What is the name and history of this unusual structural metal roof deck?
May 3, 2021 8:23 PM   Subscribe

A recent renovation of a small local building uncovered an unusual structural metal roof deck that no one has been able to identify for me. The deck is sinusoidal in shape, with flutes about 1 foot on center, and with a depth of around 3 or 4 inches. Panels are about 3 feet wide.

The renovation contractor thinks this building was built in the 50's or 60's and that the roof deck might have been part of a kit used to construct small commercial buildings. Current manufacturer catalogs contain nothing like this. The Steel Deck Institute could not identify the deck, and their enquiries to the Metal Building Manufacturers Association and the Metal Construction Association also produced no answers. Any ideas on other possible sources of information?
posted by Jackson to Technology (11 answers total)
Can’t really tell from the picture, but is it different from regular corrugated metal roofing?
posted by hwyengr at 8:38 PM on May 3 [3 favorites]

I'm frankly surprised that the SDI didn't have anything.

If it was a "kit" type building they may be hosed; there were a bunch of no-name manufacturers popping up from circa 1950-70 doing small commercial structures, and most of them lived and died without anyone "serious" even noticing they existed in the first place.

Alas, the main guy I knew for this sort of thing has died (alas again), but you could try the CFSEI even though it's not really their specific domain. A longer shot would be the appropriate forum on Eng-Tips, but I suspect you may end up having to derive the properties from first principles using modern approaches.

...a very long shot would be the AISC, even though they don't normally cover historic steel deck, and they super-don't-cover roof deck in any form (they're "structural" steel, meaning W sections and the like) but they do have a research library going back reasonably far. I got some stuff on old Carnegie stamped-steel plates thanks to them -- I don't know who works over there any longer, so I don't know how motivated they are by cool puzzles. Time was they'd help you out, but the current staff may not be quite so driven by obscure history.
posted by aramaic at 8:58 PM on May 3 [5 favorites]
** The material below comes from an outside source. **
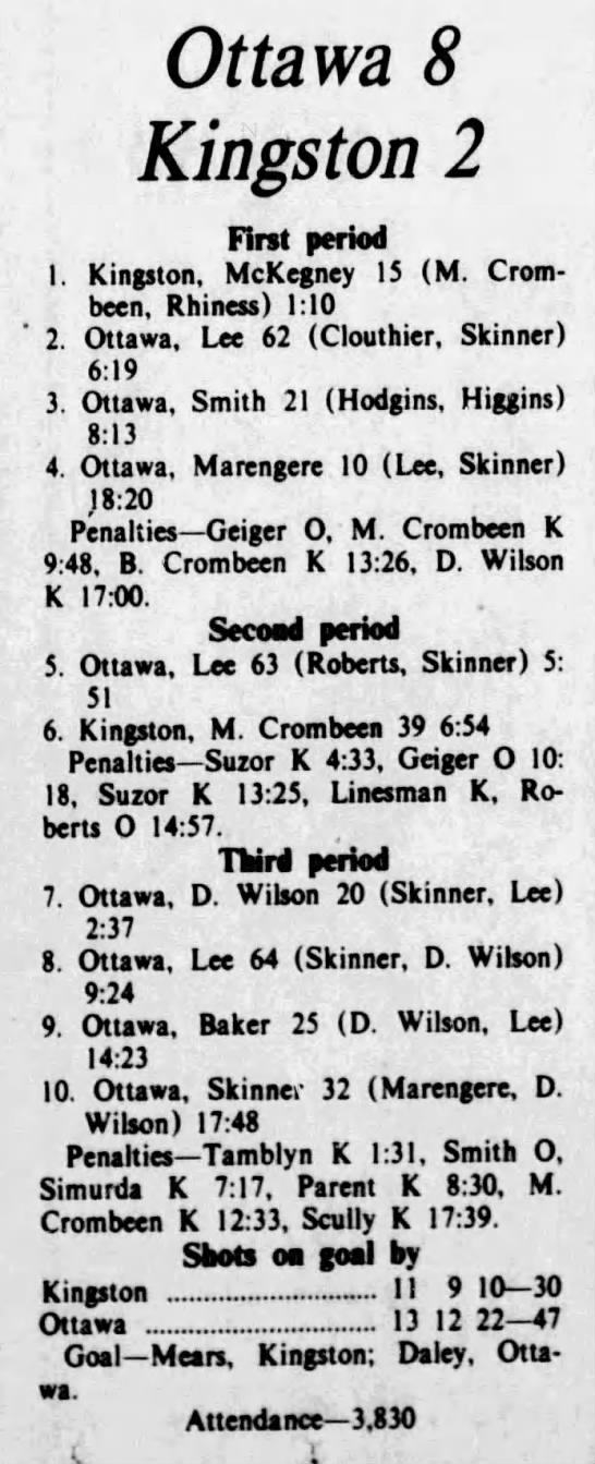 March 2 1976- Ottawa @ Kingston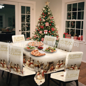 新款圣诞跨境方圆桌布和椅套家用餐厅酒店节日装饰台布欧式桌布

(also, if you pursue CFSEI, AISC or Eng-Tips, make sure to mention the orgs you've already contacted or literally 9/10 responses will tell you to ask the SDI etc.)
posted by aramaic at 9:02 PM on May 3 [1 favorite]

(also, the more direct measurements you can get the better; send someone up there with some digital calipers and measure the hell out of the profile)
posted by aramaic at 9:04 PM on May 3 [1 favorite]

It looks a bit like 'tray deck' but used as a roof - is this the underside of the roof or the lower skin of a membrane roof? Tray deck is usually used as a form for poured concrete floors, I can imagine it used as roofing but it'd be $.

Can you get a micrometre in to measure its thickness, coz that may be a big help towards ID.
posted by unearthed at 10:41 PM on May 3 [3 favorites]

It is a tray deck, as unearthed has mentioned. It is not the upermost roof layer unless the wiring for the lights is run on the exterior of the building (not likely). It is not uncommon to have a poured concrete roof, and this is the underside of said roof. Think of it as the mold that the concrete is poured onto.
posted by wile e at 10:56 PM on May 3 [4 favorites]

Whoever paid to have the structure built originally would have had to file plans with the town and probably even have a professional engineer do a detailed analysis to certify it as safe. You would learn quite a bit about the structure, materials/ manufacturers, and contractors if all that paperwork can be found in the town archives.

An engineering analysis would have required quite a lot of detail about that corrugated steel component, including dimensional drawings, type of steel, and any treatments, platings, and coatings applied.
posted by ZenMasterThis at 4:10 AM on May 4

In bridge engineering, we call something like that a "stay-in-place" form. Concrete is then poured on top of it to form the driving surface.
posted by dforemsky at 5:29 AM on May 4

Here this is known generically as Q decking (even though actual Q Decking hasn't been made in decades) and is used extensively for roof surfaces (both bare and as a base for rigid insulation covered by a membrane) and concrete suspended floors. You can see in my link that both the actual Q Decking and the modern variant have a version that has 3" deep corrigations 12" on center.

We've got snow loads though that may make this cost effective verses less frozen water places.
posted by Mitheral at 6:55 AM on May 4

This may be a weird lead, but the Trachte Corporation built a lot of kit commercial buildings, and while this style of deck isn't something they would have done, they have a 100-year history and may be able to dig up some institutional memory on competitor styles and designs.
posted by rocketman at 7:13 AM on May 4

Random additional thought: if the building is framed using steel joists for the roof, you should be able to locate the joist tags (err, assuming someone in the intervening years hasn't been a giant jackhole and removed them). With that information you can identify the joist, and the joist manufacturer -- which should substantially simplify locating the deck manufacturer (and, thus, the name to look for in old properties tables).

The SJI has a service to identify old joists.

...all of the foregoing is moot if the building doesn't use steel joists, of course.